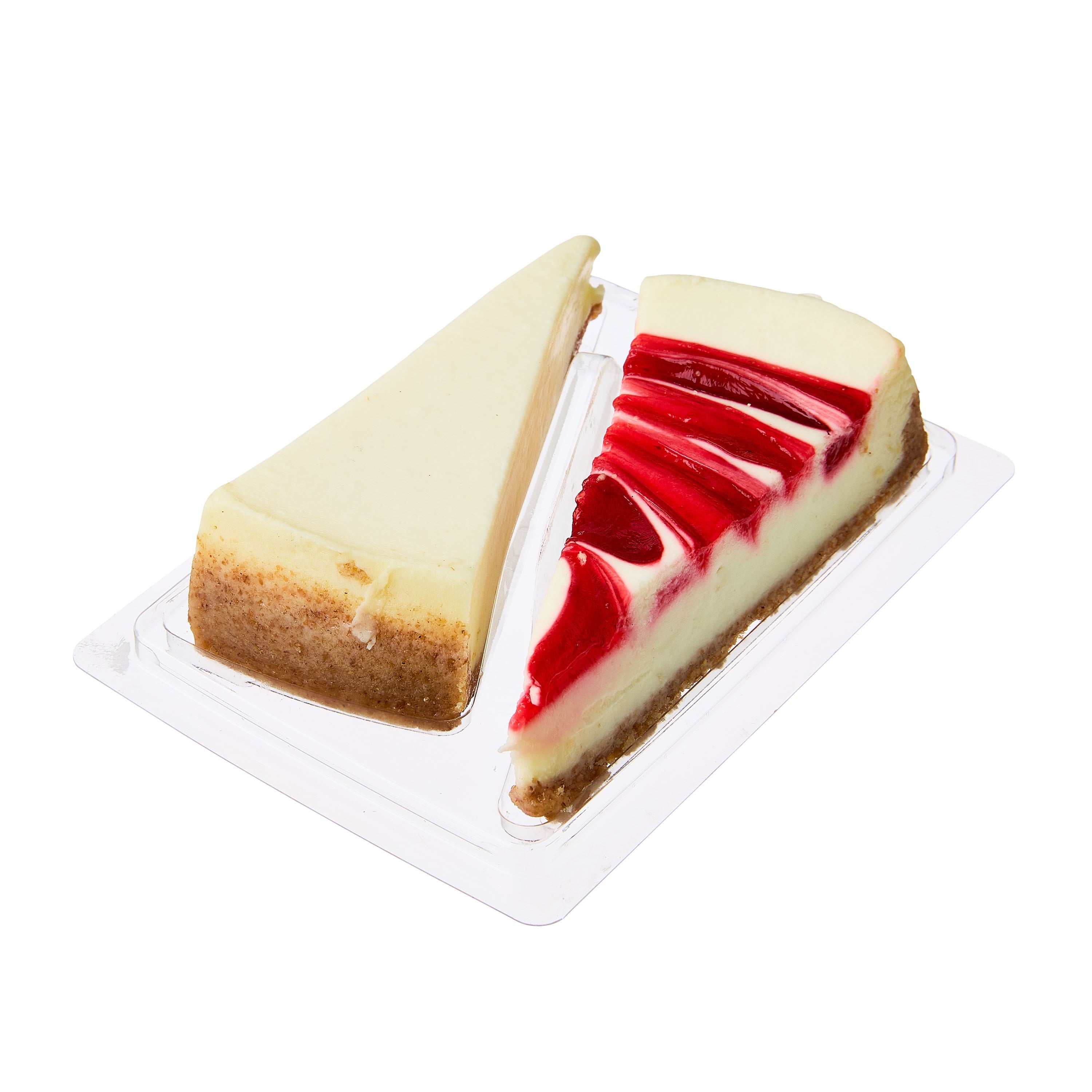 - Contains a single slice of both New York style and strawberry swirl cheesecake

==

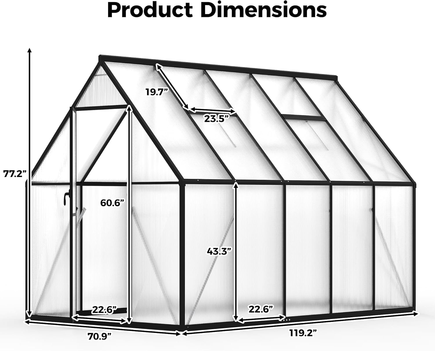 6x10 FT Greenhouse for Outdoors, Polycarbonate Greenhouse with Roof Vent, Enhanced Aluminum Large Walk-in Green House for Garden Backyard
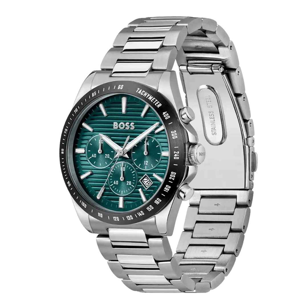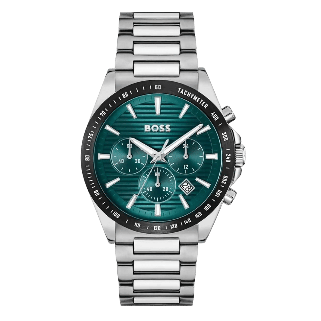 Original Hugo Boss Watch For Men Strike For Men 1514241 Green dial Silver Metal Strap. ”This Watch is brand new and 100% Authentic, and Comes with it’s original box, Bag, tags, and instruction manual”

--

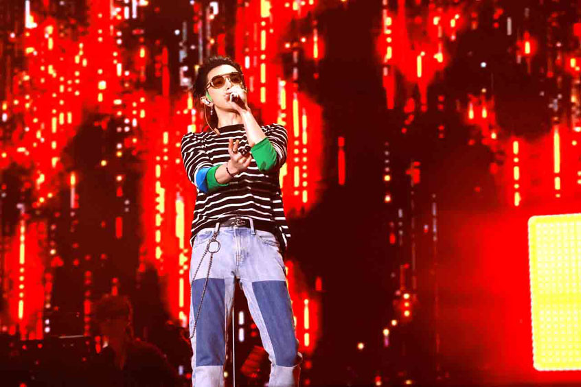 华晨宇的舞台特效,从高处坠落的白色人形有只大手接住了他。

_What is being asked:_ Lines from the one above containing "6x10 FT Greenhouse" down to the one containing "Original Hugo Boss" should be transcribed exactly, with both ends kept and no pictures.

_Answer to this problem:_
 6x10 FT Greenhouse for Outdoors, Polycarbonate Greenhouse with Roof Vent, Enhanced Aluminum Large Walk-in Green House for Garden Backyard
 Original Hugo Boss Watch For Men Strike For Men 1514241 Green dial Silver Metal Strap. ”This Watch is brand new and 100% Authentic, and Comes with it’s original box, Bag, tags, and instruction manual”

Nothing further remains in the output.